Anu Lakhan is terrified of vegetables. Then she goes to Jamaica and is faced with an ital meal • Robert Clarke shares fond beer-drinking memories • The ambivalent chennette: so bad it's good? • Paul Yellin's Infusion! has no time for Caribbean culinary clichés


He says we must go to a vegetarian restaurant, and immediately I feel the icy hand of fear clamp down on the base of my neck.

I have too many other things to do. The car is not working. I need to rearrange my library according to the number of pages in each book. When must we go? Tomorrow? I’m going to be ill that day. If he persists, I’m going to be ill right now.
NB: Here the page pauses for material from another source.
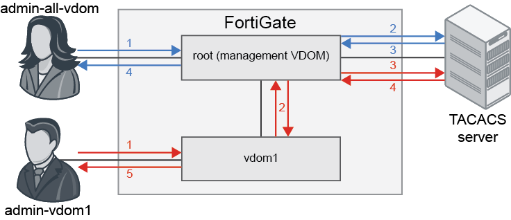 - The FortiGate sends an authorization request to the TACACS server through the management VDOM.

Vegetables, they say, are not the enemy. But this is a claim they make on behalf of spiders, heights, and open spaces, and yet no one scoffs at those as legitimate objects of fear. My own extensive research on one or two slightly suspect websites confirms my belief that there is documented evidence of the existence of a phobia towards just about everything on this planet, and a few others. But while some phobias are given respect, consideration, millions of dollars in research funding, and clinics of their own, others are dismissed as quirks or ridiculed.

The realisation that my feelings towards vegetables were not in keeping with either cultural norms or dietary RDAs came slowly to me. As a child, my leafy intake was non-existent. The combined efforts of my entire family only barely made it possible for me to submit to the odd starch. Up to the age of about seven, I was perhaps the world’s only campaigning ovo-carnivore (Atkins was out of vogue, and not back in as yet). The Mayo Clinic Diet, taped permanently to the side of our refrigerator, forcing the mass-challenged to consume nine eggs a day, seemed like the tablets from Mt Sinai.

But for all the sermons and ranting I’ve endured over the years, no one, not even the mother who could diagnose everything from measles to psycho-chemical imbalances, saw my diet for what it was, for what I now know it to be: a cry for help. I have, gasp, a condition. I am lachanophobic. An abnormal fear of vegetables. It turns out I’m not just a flesh-glutton, but a truly sick and suffering person.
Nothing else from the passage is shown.